Robbie Williams jest kolejną gwiazdą, która wraz z organizacjami charytatywnymi odwiedziła Haiti. W styczniu kraj nawiedziło tragiczne w skutkach trzęsienie ziemi. Piosenkarz, który na własne oczy widział cierpienie ofiar, biedę oraz trud osób chcących odbudować zniszczone państwo, zamarzył o zaopiekowaniu się osieroconymi w katastrofie dziećmi. Upatrzył sobie nawet dwójkę.

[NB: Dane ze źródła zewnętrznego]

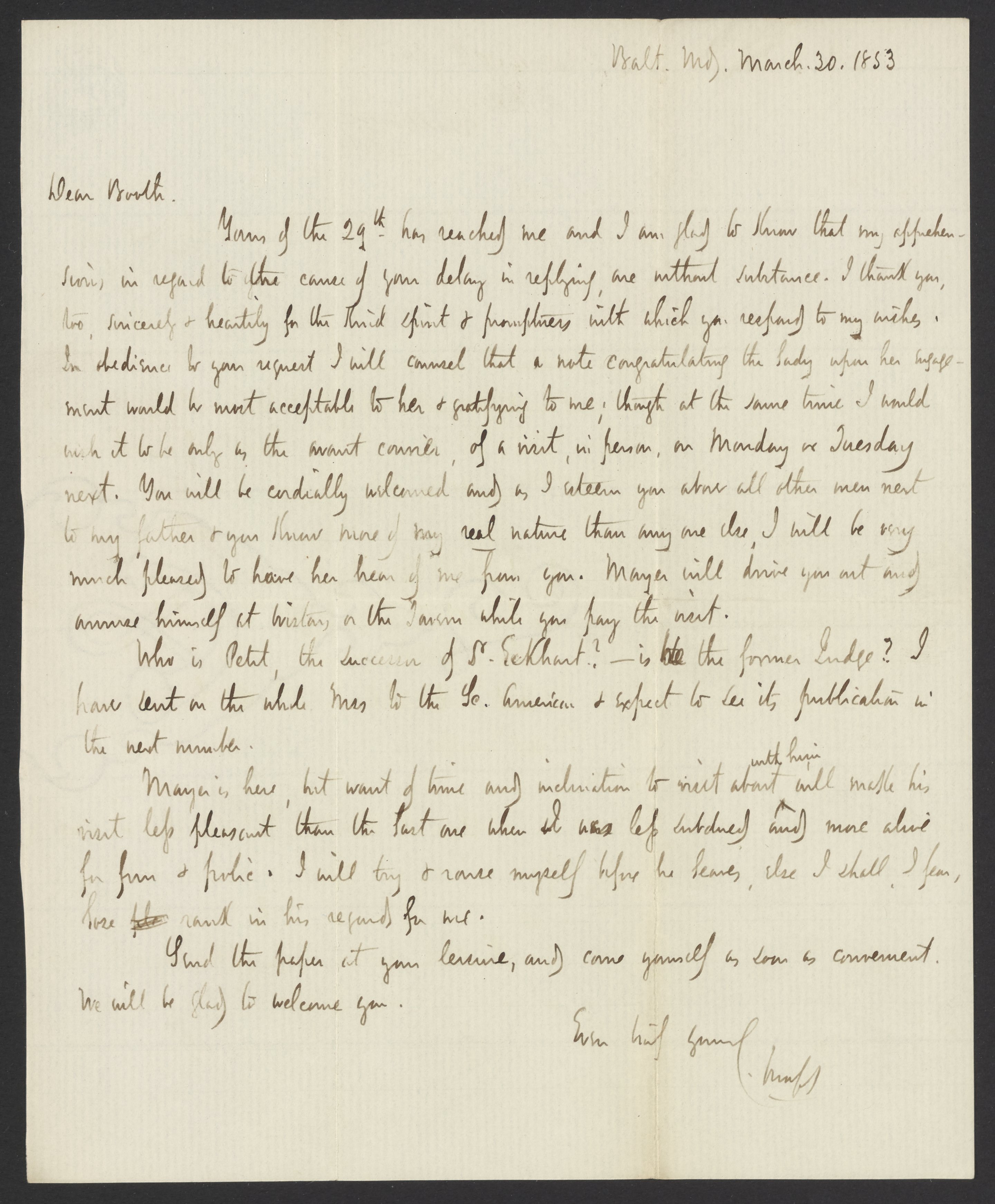Letter from Campbell Morfit to James Curtis Booth, March 30, 1853
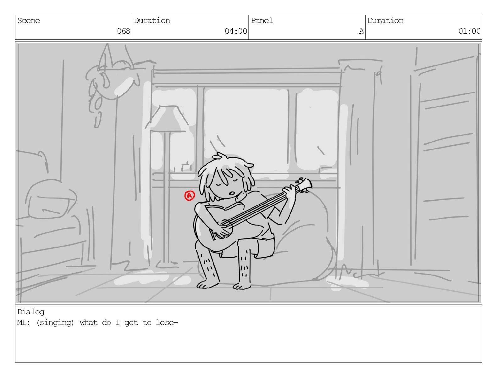 Scene 068 Duration 04:00 Panel A Duration 01:00 Dialog ML:
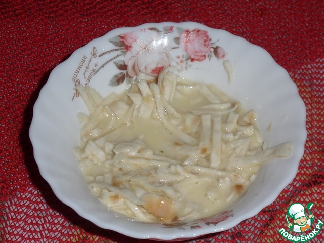 Соломку из лаваша выкладываем в миску с яичной смесью.
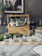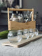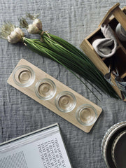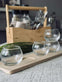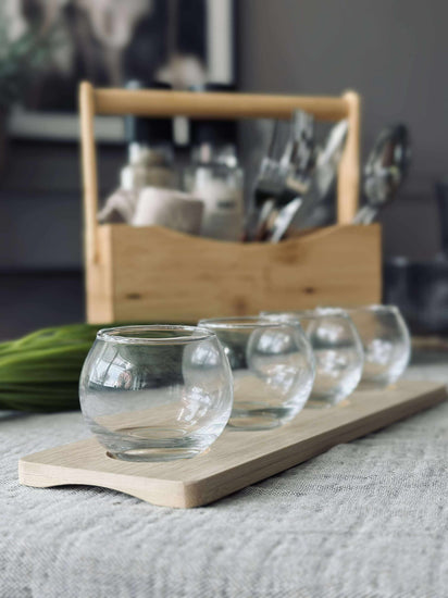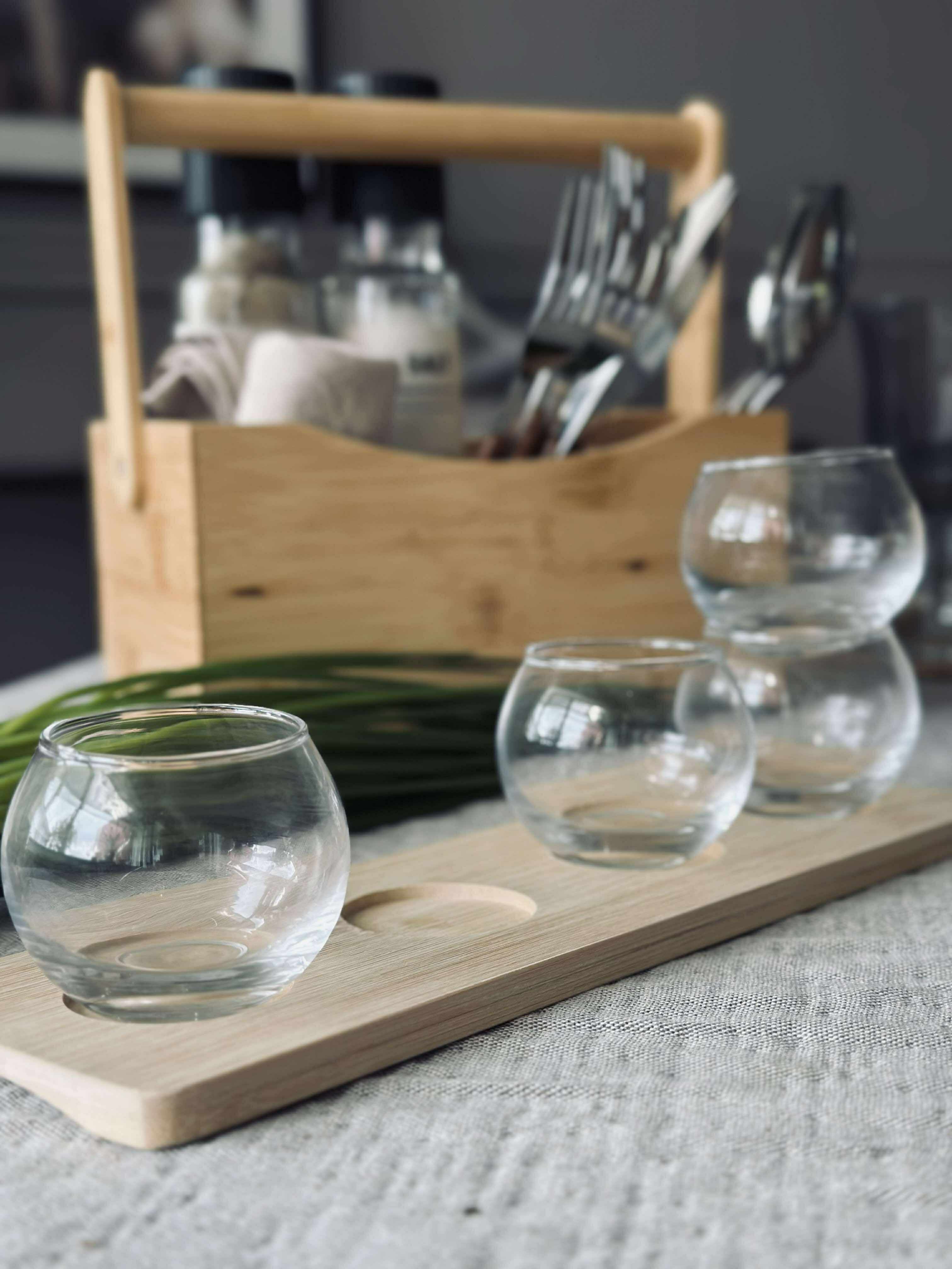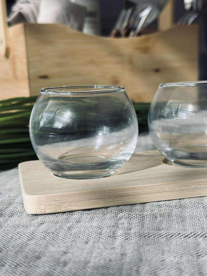 Sættet består af 4 skåle i glas samt et serveringsfad i bambus.
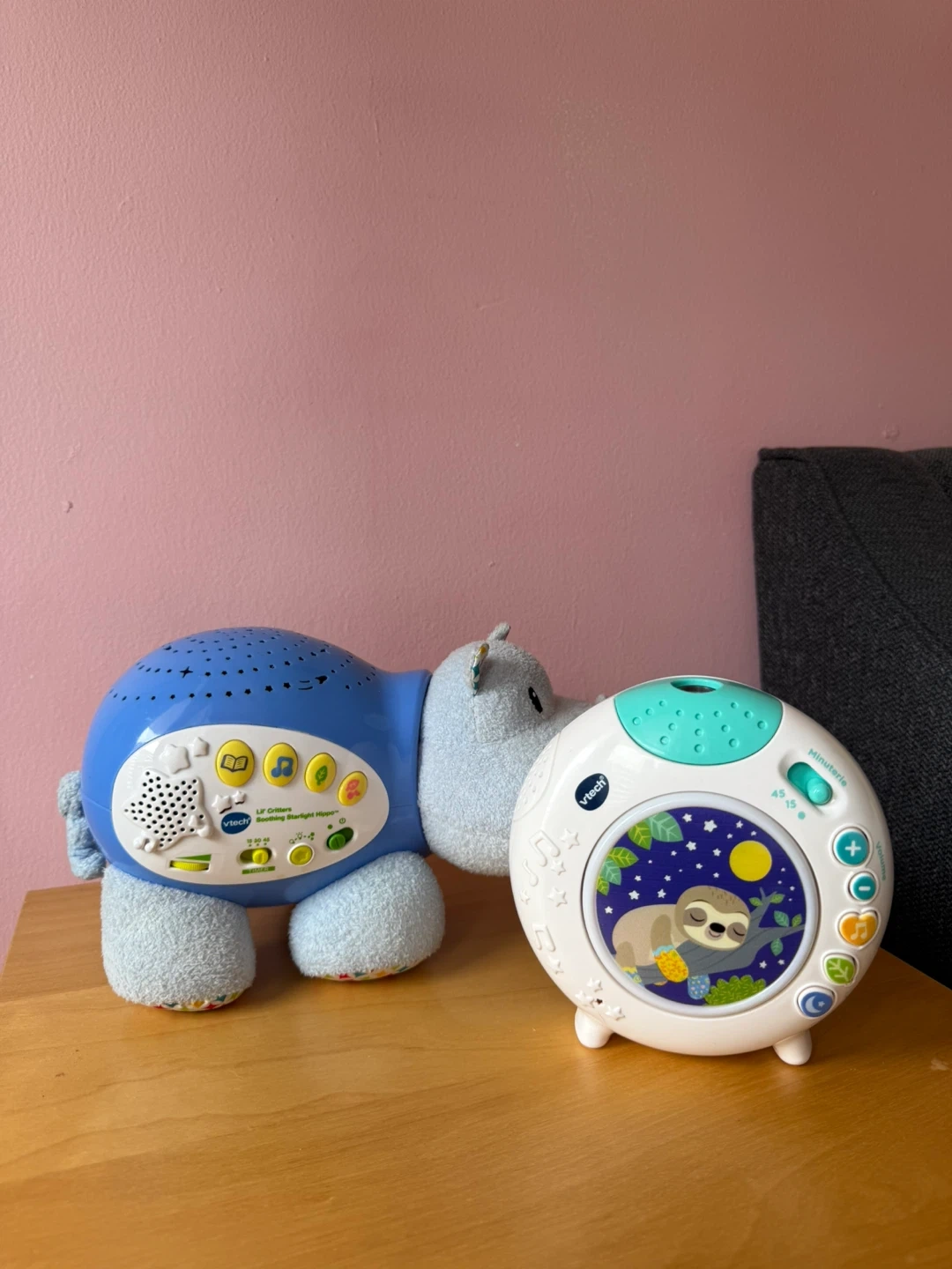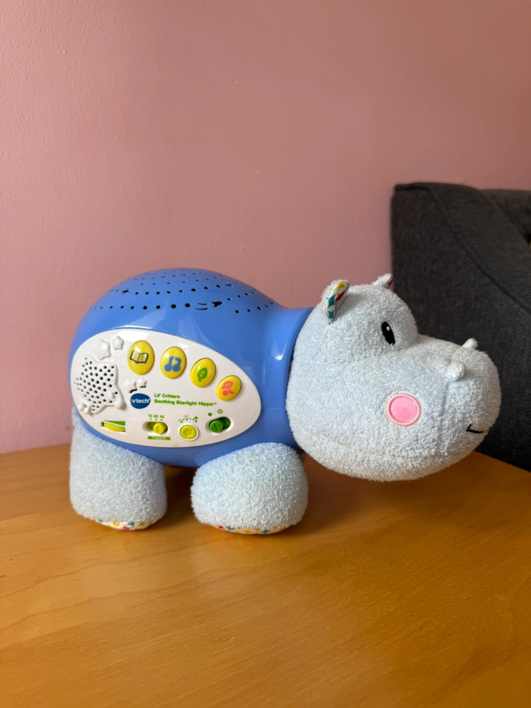 This VTech Lil Critters Soothing Starlight Hippo helps calm little ones. It projects stars onto the ceiling and plays soothing sounds. Features a 10, 20, or 30-minute timer.

Chciałem zaadoptować od razu – pochwalił się dziennikarzom Sunday Mirror. Tak już działa każdy człowiek. Gdy widzimy cierpienie innych, mamy wyrzuty sumienia i chcemy pomóc wszystkim dookoła. Nie można jednak działać pod wpływem emocji. Mam jeszcze kilka rzeczy do zrobienia, zanim zajmę się budowaniem rodziny. Myślę, że najpierw spłodzę kilka swoich pociech, a później zaadoptuję. Ayda i ja już o tym dyskutowaliśmy i zgodziliśmy się, że to najlepszy plan. Nie wiemy jeszcze, kiedy to nastąpi.
Przypomnijmy, że Robbie nie jest pierwszą osobą, która rozważa adopcję sieroty z Haiti. Już wcześniej Katherine Heigl oraz Queen Latifah publicznie powiedziały, że bardzo poważnie o tym myślą. Wyclef Jean, z pochodzenia Haitańczyk, osobiście zaapelował do gwiazd, żeby zaopiekowały się dziećmi z Haiti tak, aby zainteresować ludzi na całym świecie tym państwem.